Starting at the first line of the listing below, repeat each line exactly until the line containing "Diverse verrijdbare karren", which you include. Leave out pictures.

## Supplied data

------------

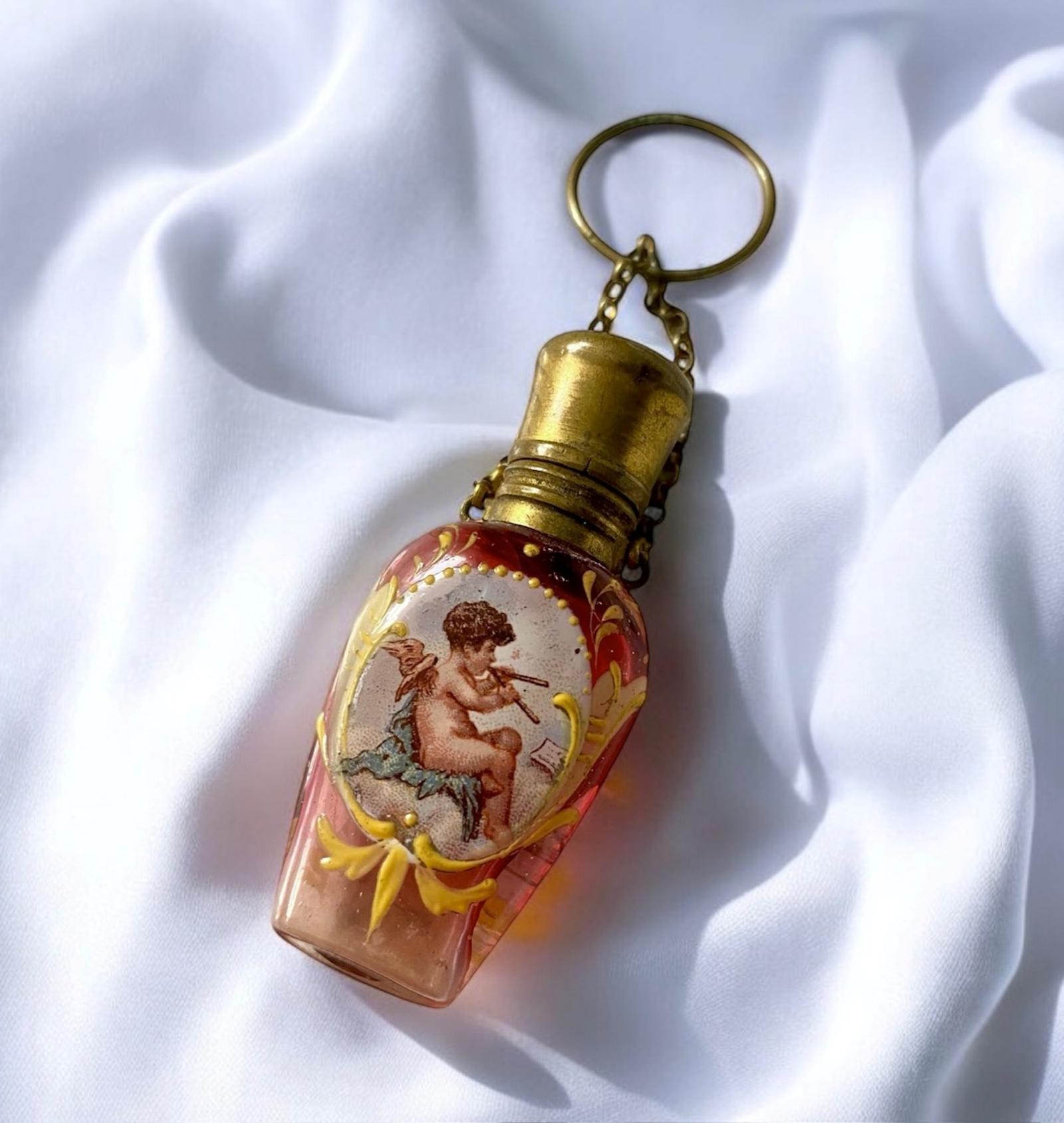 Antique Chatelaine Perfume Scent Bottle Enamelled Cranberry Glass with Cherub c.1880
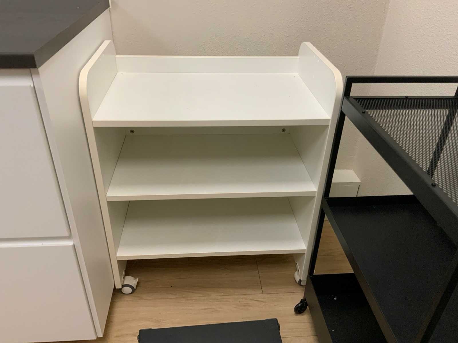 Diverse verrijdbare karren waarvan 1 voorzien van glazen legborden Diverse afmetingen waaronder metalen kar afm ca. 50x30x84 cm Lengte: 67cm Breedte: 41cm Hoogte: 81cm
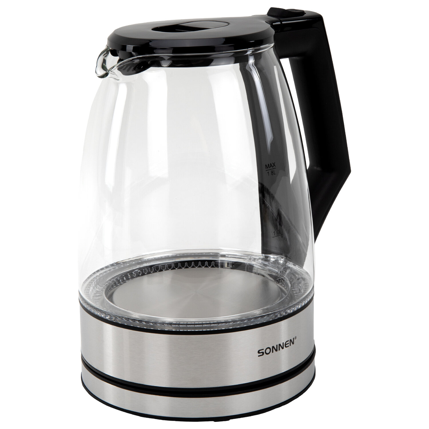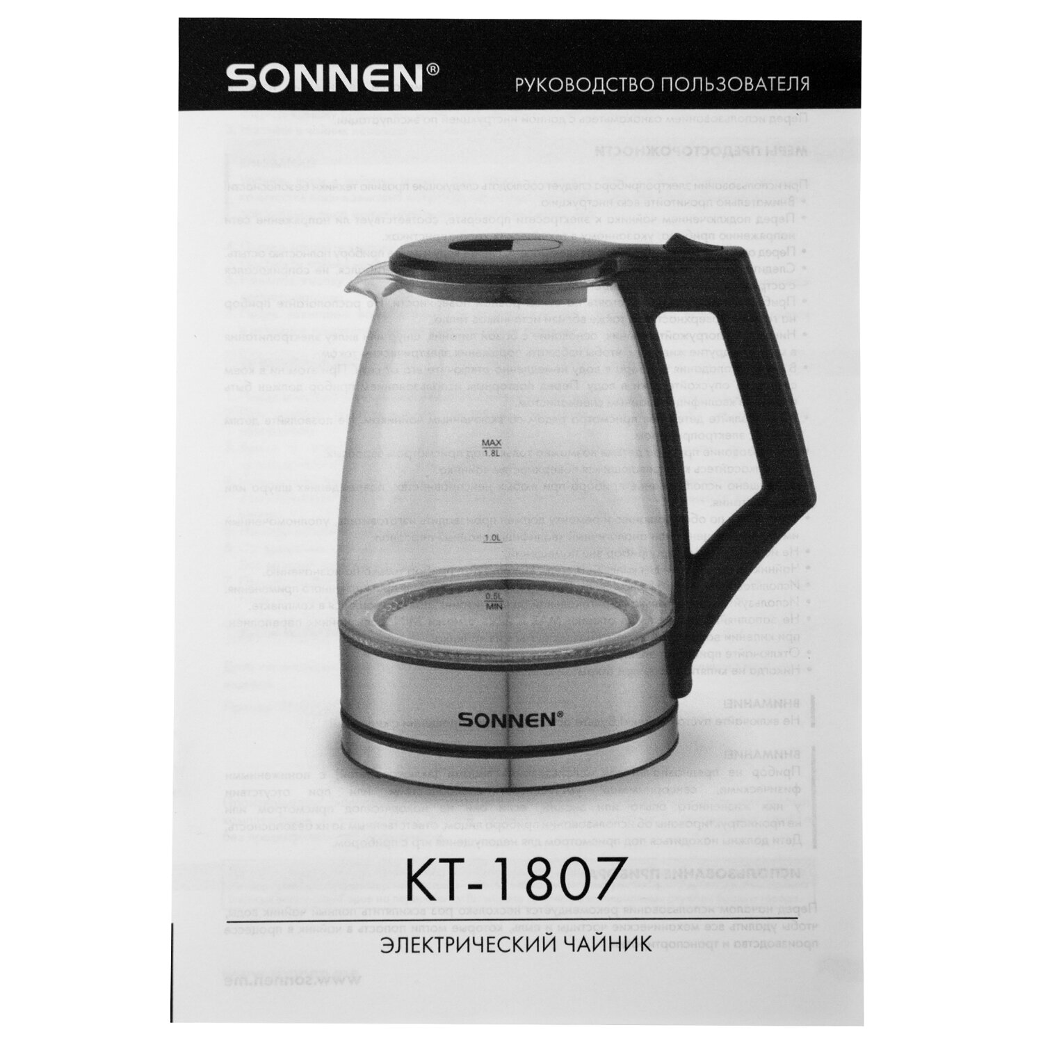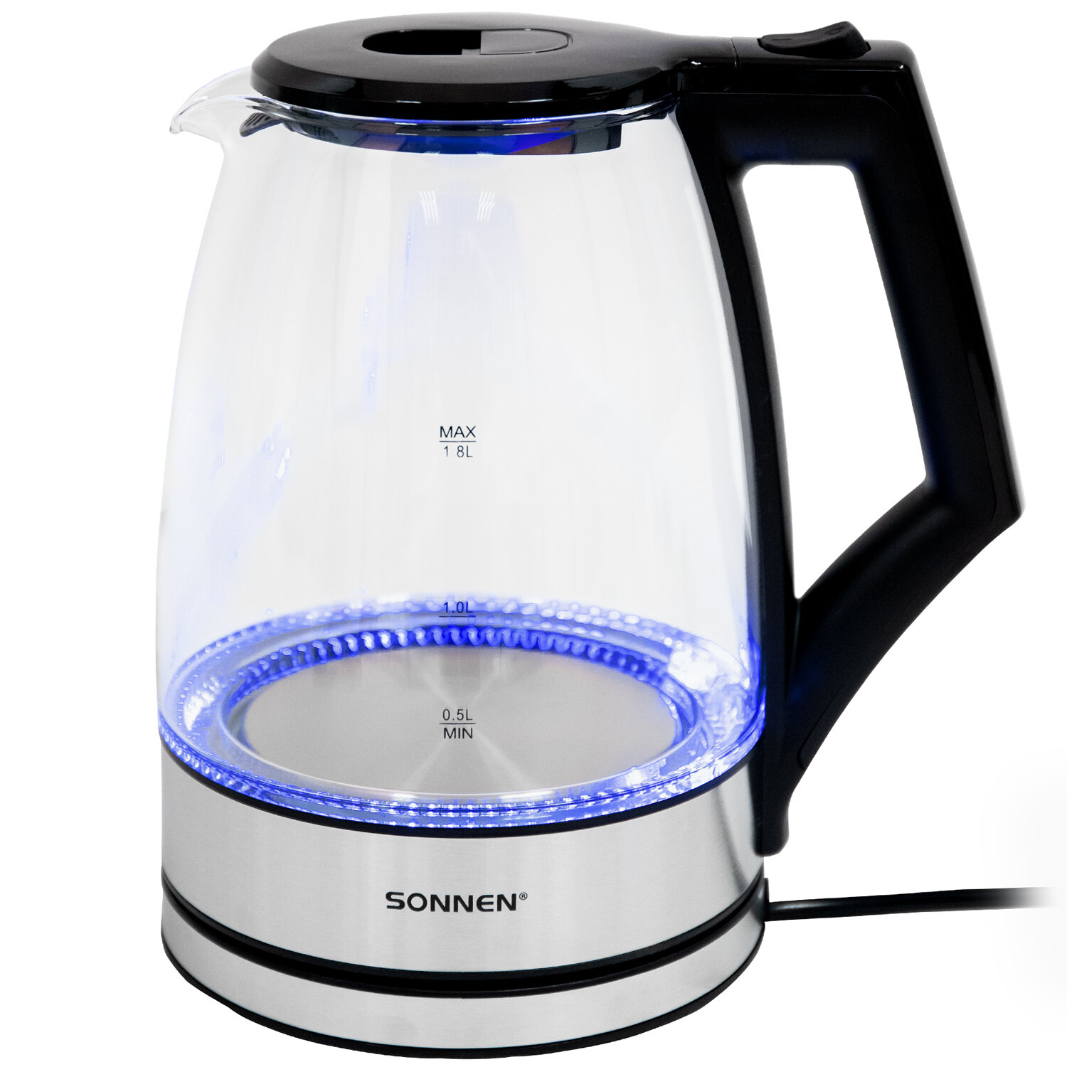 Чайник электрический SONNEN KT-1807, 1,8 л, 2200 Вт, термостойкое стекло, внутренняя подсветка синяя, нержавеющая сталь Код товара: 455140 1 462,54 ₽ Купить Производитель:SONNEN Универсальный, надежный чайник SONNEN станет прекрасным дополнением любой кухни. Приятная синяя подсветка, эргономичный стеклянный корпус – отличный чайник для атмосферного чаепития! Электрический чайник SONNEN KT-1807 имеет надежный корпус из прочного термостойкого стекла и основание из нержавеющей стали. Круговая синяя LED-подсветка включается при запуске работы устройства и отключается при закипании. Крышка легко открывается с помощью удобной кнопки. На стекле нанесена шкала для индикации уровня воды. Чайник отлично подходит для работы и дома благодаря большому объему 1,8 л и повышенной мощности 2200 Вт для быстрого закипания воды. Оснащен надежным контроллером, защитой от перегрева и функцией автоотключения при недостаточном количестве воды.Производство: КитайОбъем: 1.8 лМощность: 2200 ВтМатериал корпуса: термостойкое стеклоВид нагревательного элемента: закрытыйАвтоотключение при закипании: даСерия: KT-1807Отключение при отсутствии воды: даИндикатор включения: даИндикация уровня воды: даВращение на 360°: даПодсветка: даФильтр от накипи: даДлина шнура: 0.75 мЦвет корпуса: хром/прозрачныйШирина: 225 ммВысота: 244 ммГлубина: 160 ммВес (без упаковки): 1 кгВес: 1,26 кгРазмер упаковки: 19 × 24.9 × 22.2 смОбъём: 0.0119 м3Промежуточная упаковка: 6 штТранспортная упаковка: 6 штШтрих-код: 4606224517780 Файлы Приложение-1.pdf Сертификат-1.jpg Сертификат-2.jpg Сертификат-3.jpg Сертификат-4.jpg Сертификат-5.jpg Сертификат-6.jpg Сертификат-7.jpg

------------

## Expected output
 Antique Chatelaine Perfume Scent Bottle Enamelled Cranberry Glass with Cherub c.1880
 Diverse verrijdbare karren waarvan 1 voorzien van glazen legborden Diverse afmetingen waaronder metalen kar afm ca. 50x30x84 cm Lengte: 67cm Breedte: 41cm Hoogte: 81cm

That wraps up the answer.